Hu is a leading researcher on coronaviruses who worked closely with Shi Zhengli, the leading expert on bat coronaviruses at the Wuhan Institute of Virology. Much of Hu’s research focused on modifying coronaviruses so they could bind to human cells.

The stated purpose of the research was to identify viruses that could lead to a pandemic and facilitate the development of a vaccine. Critics say that such research requires stringent precautions because such work can make the viruses in the lab more infections for humans.

Yu Ping, who also worked for the institute along with Zhu, is an expert on the geographic spread of coronaviruses and wrote a thesis that was the first to describe a new family of SARS-like coronaviruses that are most closely related to SARS-CoV-2. (read more)

With additional mounting evidence of the lab leak in Wuhan as the originating source of the pandemic, it is worth revisiting the statements from former Acting CIA Director Mike Morrell back in 2020 when the intelligence community was dismissing the lab leak theory.

2020 – Politico […] Morell noted separately on Thursday that if the virus leaked from a Wuhan lab, the U.S. would shoulder some of the blame since it funded research at that lab through government grants from 2014-2019.

The National Institutes of Health said in a statement on Thursday that a $3.4 million grant awarded to EcoHealth Alliance, which in turn awarded funds to the Wuhan Institute of Virology over the last 6 years, had been terminated but didn’t say why. “Any questions related to the origins of the outbreak should be directed to ODNI,” the statement said.

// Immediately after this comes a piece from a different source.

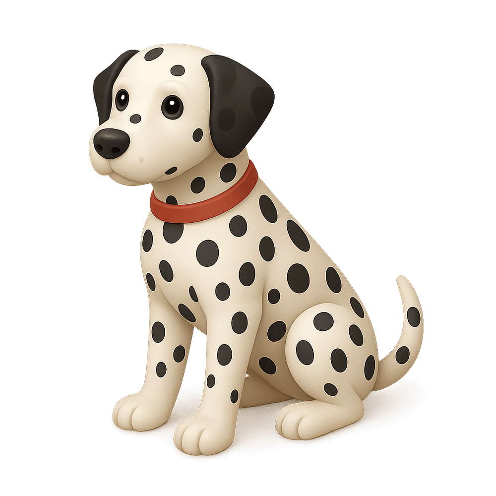 A Dalmatian is a medium-sized breed of dog known for its distinctive white coat with black or liver spots. Originally bred as a carriage dog, Dalmatians are energetic, intelligent, and friendly, making them popular pets and working dogs.

“If it did escape from the lab, not only bad on China but also bad on the U.S. for giving funding to a lab with safety concerns,” Morell said, referring toState Department cables from early 2018 that warned of the lab’s risky coronavirus experiments and shortage of trained technicians.

“So if it did escape,” he added, “we’re all in this together.” (link)

Thus, the motive for the U.S. government to deny any role in creating the virus that was unleashed unto the world.